Em rápida busca na internet, foi possível verificar que a Caixa Econômica Federal está oferecendo os seus serviços, para a cobrança da dívida ativa, prometendo, dentre outras, as seguintes vantagens, para o Estado ou Município: Recuperação de créditos de difícil recebimento, por meio  de um moderno sistema de cobrança; Possibilidade de protesto como mecanismo de persuasão do devedor para adimplemento de suas obrigações; Possibilidade de parcelamento da dívida com a emissão mensal de bloquetos de cobrança; Aumento das receitas; Redução dos custos administrativos; Troca de informações por meio eletrônico; Eliminação de controles manuais; Retorno diário das informações; Controle mais efetivo dos pagamentos...

 

Ocorre que essa “terceirização” já está sendo questionada, perante o Supremo Tribunal Federal, através das Ações Diretas de Inconstitucionalidade n°s 3.845 e 3.786. Não resta dúvida, no meu entendimento, de que ela é inconstitucional, porque o nosso ordenamento jurídico não permite a cessão da cobrança da dívida ativa, que é competência indelegável do poder público. Trata-se do poder fiscal indisponível, indelegável ao particular.

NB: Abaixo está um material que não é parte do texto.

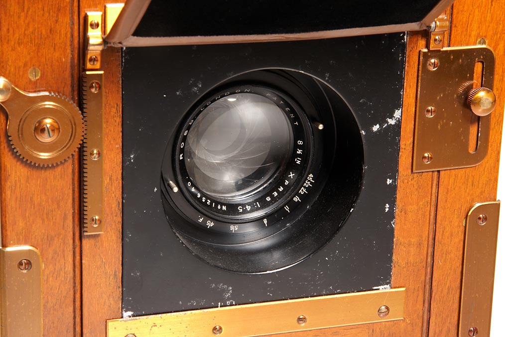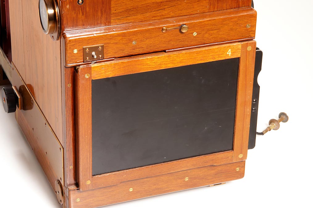 13x18cm, very rare large format Tropical Reflex in superb condition, teak body with brass inlets, red leather bellows and focusing hood, Ross X Press 4.5/8.5 Inch lens no.125640, focal plane shutter, 9 double dark slides, fitted Wallace & Heaton leather case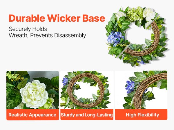 Made from high-quality wicker, this all-season wreath’s base features a realistic appearance and sturdy structure. It provides a solid foundation for your creative decorations, maintaining beauty and stability for long-lasting use, whether for home decor or special occasions.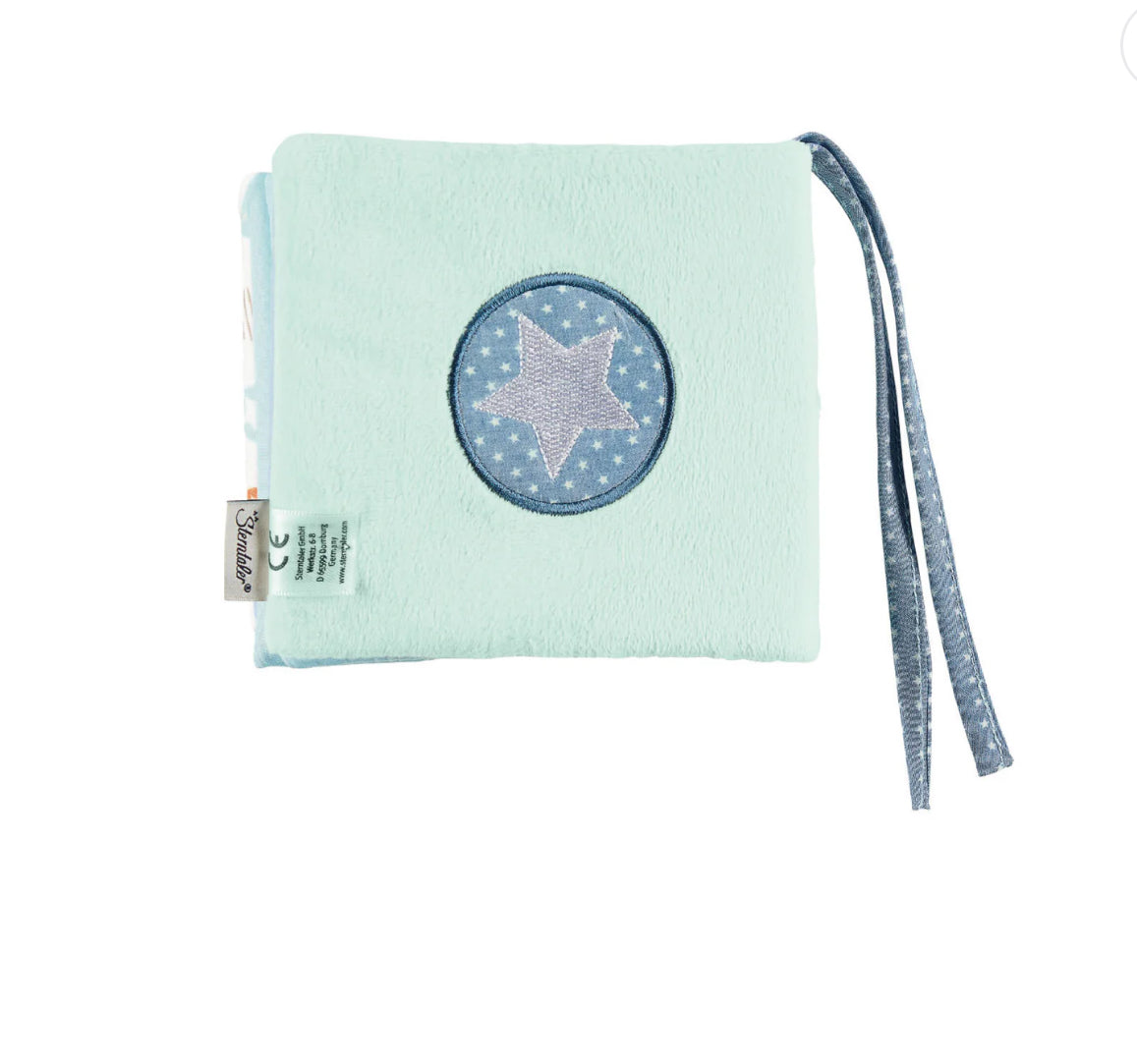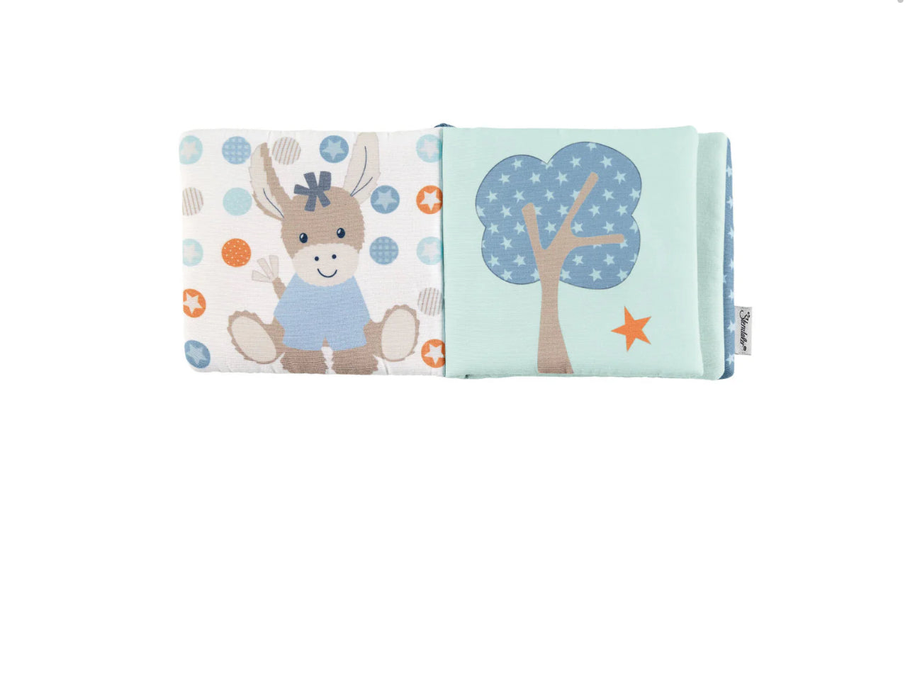 The soft playbook with the motif donkey Emmi in blue and gray made of soft velour and polycotton is particularly easy to grip for small children's hands and the 8 extra thick pages can be easily flipped. The sweet and colorful motifs stimulate the senses of your baby and encourage them to "read" and discover. Thanks to the integrated squeak and the creaking paper, the game book is also an absolute highlight acoustically.

Na prática, o que estaria ocorrendo seria que as instituições financeiras emprestariam dinheiro ao município e que, se a cobrança não se efetivasse, existiriam os custos financeiros dessa operação de crédito.

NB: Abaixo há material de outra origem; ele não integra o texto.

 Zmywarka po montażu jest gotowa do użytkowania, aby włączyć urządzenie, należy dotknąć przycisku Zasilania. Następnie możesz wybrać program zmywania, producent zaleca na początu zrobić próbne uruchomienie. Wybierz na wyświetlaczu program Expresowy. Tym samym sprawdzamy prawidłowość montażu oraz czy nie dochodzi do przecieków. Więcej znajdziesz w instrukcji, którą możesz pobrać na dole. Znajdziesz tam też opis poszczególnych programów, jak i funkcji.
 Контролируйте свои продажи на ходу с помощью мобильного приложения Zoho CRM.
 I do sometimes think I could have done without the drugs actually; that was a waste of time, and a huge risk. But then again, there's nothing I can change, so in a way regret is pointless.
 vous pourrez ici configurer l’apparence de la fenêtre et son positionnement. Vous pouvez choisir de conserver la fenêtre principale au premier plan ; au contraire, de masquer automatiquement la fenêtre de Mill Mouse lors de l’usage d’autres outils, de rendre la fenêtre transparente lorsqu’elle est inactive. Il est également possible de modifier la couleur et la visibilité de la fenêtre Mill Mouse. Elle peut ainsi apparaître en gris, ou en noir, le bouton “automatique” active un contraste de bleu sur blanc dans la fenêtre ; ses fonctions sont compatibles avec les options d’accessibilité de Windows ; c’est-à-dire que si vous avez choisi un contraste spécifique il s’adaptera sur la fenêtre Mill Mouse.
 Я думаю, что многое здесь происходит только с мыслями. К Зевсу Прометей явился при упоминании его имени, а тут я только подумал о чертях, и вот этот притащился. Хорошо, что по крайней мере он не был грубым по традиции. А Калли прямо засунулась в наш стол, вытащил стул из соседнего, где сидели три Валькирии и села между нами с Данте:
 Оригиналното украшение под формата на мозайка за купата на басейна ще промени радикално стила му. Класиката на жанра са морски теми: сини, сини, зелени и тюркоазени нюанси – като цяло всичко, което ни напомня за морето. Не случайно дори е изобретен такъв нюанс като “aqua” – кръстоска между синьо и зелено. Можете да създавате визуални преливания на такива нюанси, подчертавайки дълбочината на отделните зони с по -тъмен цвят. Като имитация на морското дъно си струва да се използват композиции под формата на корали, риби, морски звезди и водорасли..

A idéia da terceirização não é nova e também já foi feita, até mesmo, para escritórios de advocacia, como em São Paulo, em 1.997, quando o Município tentou retirar de sua Procuradoria Geral a incumbência de cobrar a sua dívida ativa. A doutrina criticou essa idéia, evidentemente, pela sua inconstitucionalidade.

A respeito, disse o tributarista Kiyoshi Harada:

Já é ora de os publicistas do país clamarem contra essa confusão, que agora está sendo insidiosamente plantada na mídia leiga, por aqueles que querem fazer do interesse público um meio de satisfação de interesses privados, que querem confundir a facilidade, a flexibilidade e a liberdade ampla do setor privado com os rígidos princípios da legalidade, da impessoalidade, da moralidade, da razoabilidade e da publicidade que regem a Administração Pública. Claro está que eventuais dificuldades impostas ao setor público decorrem da necessidade de proteger a sociedade contra o arbítrio dos governantes.” 

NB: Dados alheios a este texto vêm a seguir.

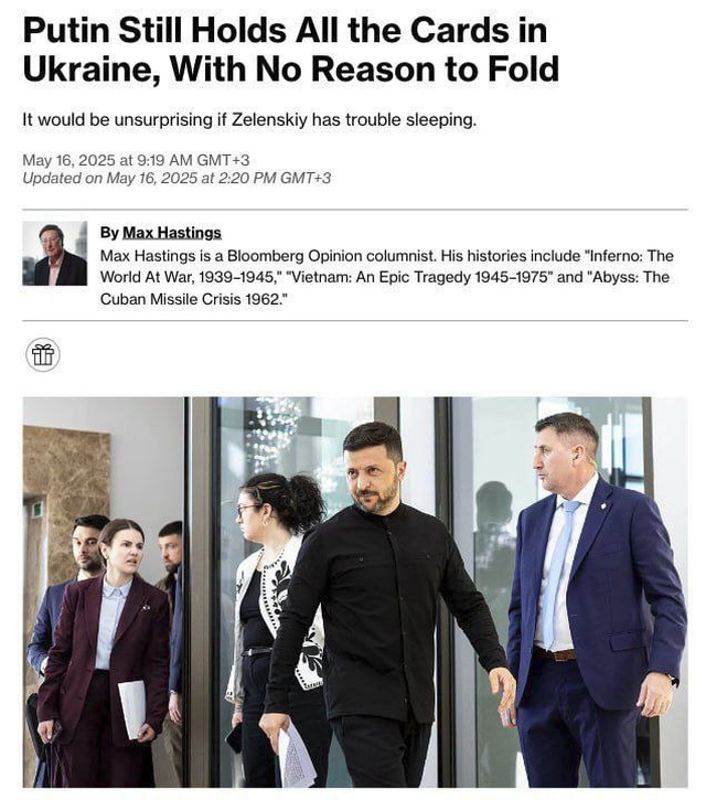 «Путин по-прежнему держит все карты на руках, и у него нет причин сдаваться. Неудивительно, что Зеленский плохо спит», — отмечает колумнист Bloomberg Макс Гастингс.

Somente à Procuradoria Municipal, portanto, compete a cobrança da dívida ativa do Município. De acordo com o art. 7° do Código Tributário Nacional, um serviço público essencial, como esse, não pode ser delegado às instituições financeiras. Elas somente podem atuar na arrecadação dos tributos pagos voluntariamente pelos contribuintes. Além disso, de acordo com o art. 198 do mesmo Código, somente os funcionários da Fazenda podem ter conhecimento da situação econômico-financeira dos contribuintes, bem como sobre a natureza e o estado de seus negócios. O sigilo fiscal estaria comprometido, também, com essa “terceirização”. 

Se essa “terceirização” vingar, estaremos todos ameaçados pelo protesto das dívidas, eventualmente inexistentes, e pela inscrição no cadastro de devedores do SERASA, uma condenação sem oportunidade de defesa, como forma oblíqua de forçar o contribuinte a pagar imediatamente o suposto débito, sob pena de ficar impedido de praticar as mais elementares transações, comerciais ou bancárias. O  SERASA passará a ser o novo Tribunal de Exceção, em Belém, e as Varas de Execuções Fiscais, no Judiciário Estadual, ficarão completamente ociosas.